The recording starts with the Piano Concerto, composed in 1953-5, and Osborne's playing hits the work's confident exuberance spot on. Under his fingers, the piano glitters and glides through the multi-faceted concerto with luminosity and depth, and his playing is perfectly matched by the BBC Scottish Symphony Orchestra under Martyn Brabbins.

Tippett believed that, rather than composing for pure pleasure, it was his duty to reflect on society and write for its nourishment and therapy. In the sleeve notes, Osborne quotes Tippett's aim for his compositions to contain 'images of vigour for a decadent period, images of calm for one too violent', and Osborne's playing achieves exactly that. From the escapist Piano Sonata No.1, which feels as if intended as a British respite from the foreboding atmosphere of 1930s Europe, to the structural complexities of the winterly Sonata No.4, Osborne plays with lyricism and emotion. This is intelligent, soulful, technically brilliant, and a must-listen.

The musical and intellectual exuberance of Tippett's music is fully demonstrated in his piano works, recorded here in their entirety on a double CD. The sonatas and concertante works recorded here offer a more compact survey of the various stages of his composing career than any other of the traditional genres he favoured: symphony, opera, and string quartet.

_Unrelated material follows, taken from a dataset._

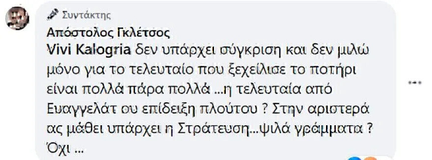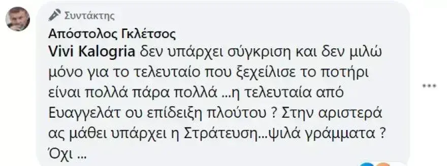 Όταν, στη συνέχεια, συνομιλητής του αναφέρθηκε στον Αλέξη Τσίπρα και τις αναφορές που έκανε ο πρώην πρόεδρος του ΣΥΡΙΖΑ σε θέματα θρησκείας, ο Απόστολος Γκλέτσος γράφει «δεν υπάρχει σύγκριση και δεν μιλώ μόνο για το τελευταίο που ξεχείλισε το ποτήρι είναι πολλά πάρα πολλά… η τελευταία από Ευαγγελάτου επίδειξη πλούτου. Στην αριστερά ας μάθει υπάρχει η Στράτευση…ψιλά γράμματα; Όχι».
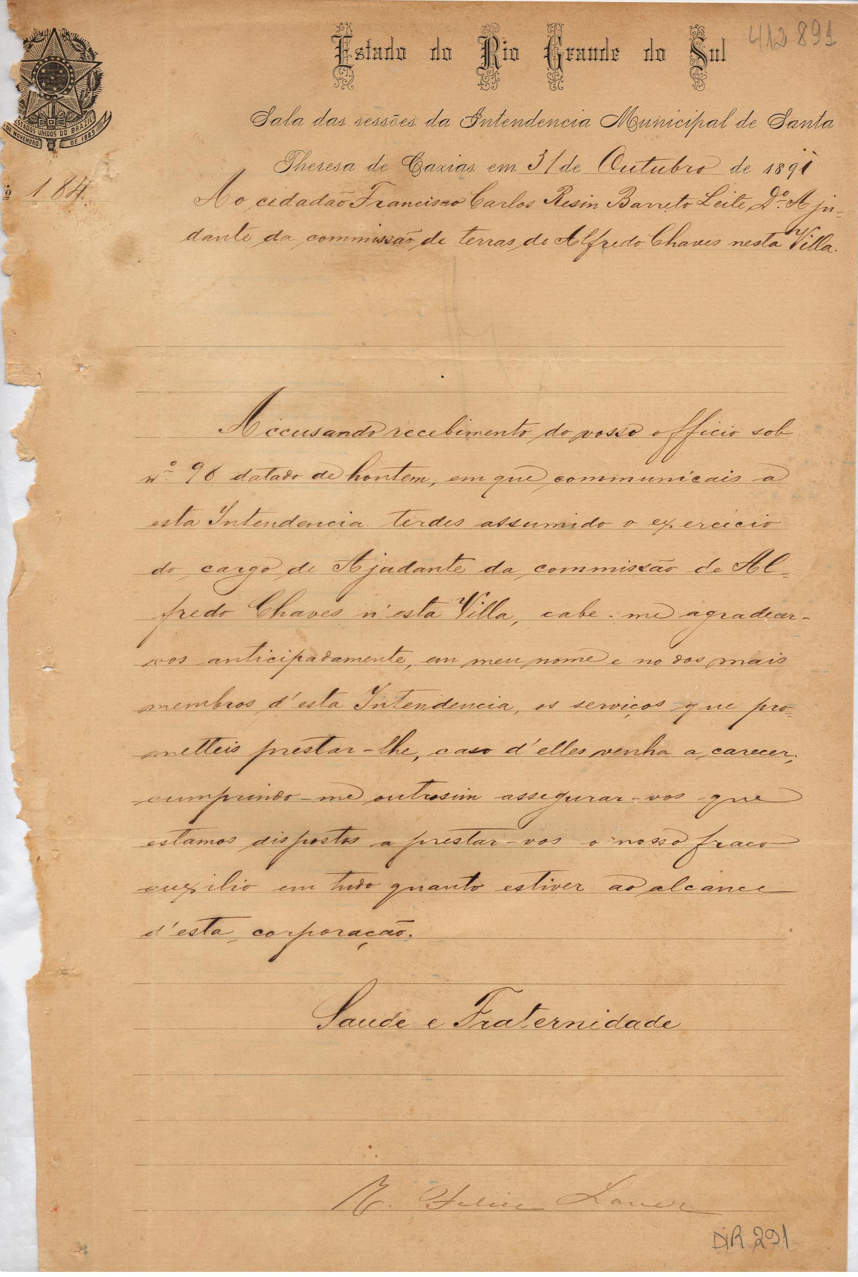 Da Sala de sessões da Intendência Municipal de Santa Tereza de Caxias, para Francisco Carlos Resin Barreto Leite - Ajudante da Comissão de Terras de Alfredo Chaves nesta vila. Assunto: acusa o recebimento de ofício comunicando a posse do cargo de Ajudante da Comissão de Alfredo Chaves. Local: Santa Tereza de Caxias.

Every one of Tippett's six piano works is substantial, if not in length then in compositional ambition. By temperament he conceived music on a large scale and was more attracted to the sonata than the short genre piece typical of the famous pianist-composers of the 19th and 20th centuries. Being only a moderate pianist himself his piano writing speaks of an imagination directed not by virtuosity or routine movements of the fingers or the blandishments of the sustaining pedal but one set free to explore the contrapuntal style and fascination with rhythm it was heir to.

This is full-blooded, dramatic, joyful music. Steven Osborne makes the works his own, dealing with their considerable technical difficulties with ease and aplomb. He is joined by the BBC Scottish Symphony Orchestra under Martyn Brabbins.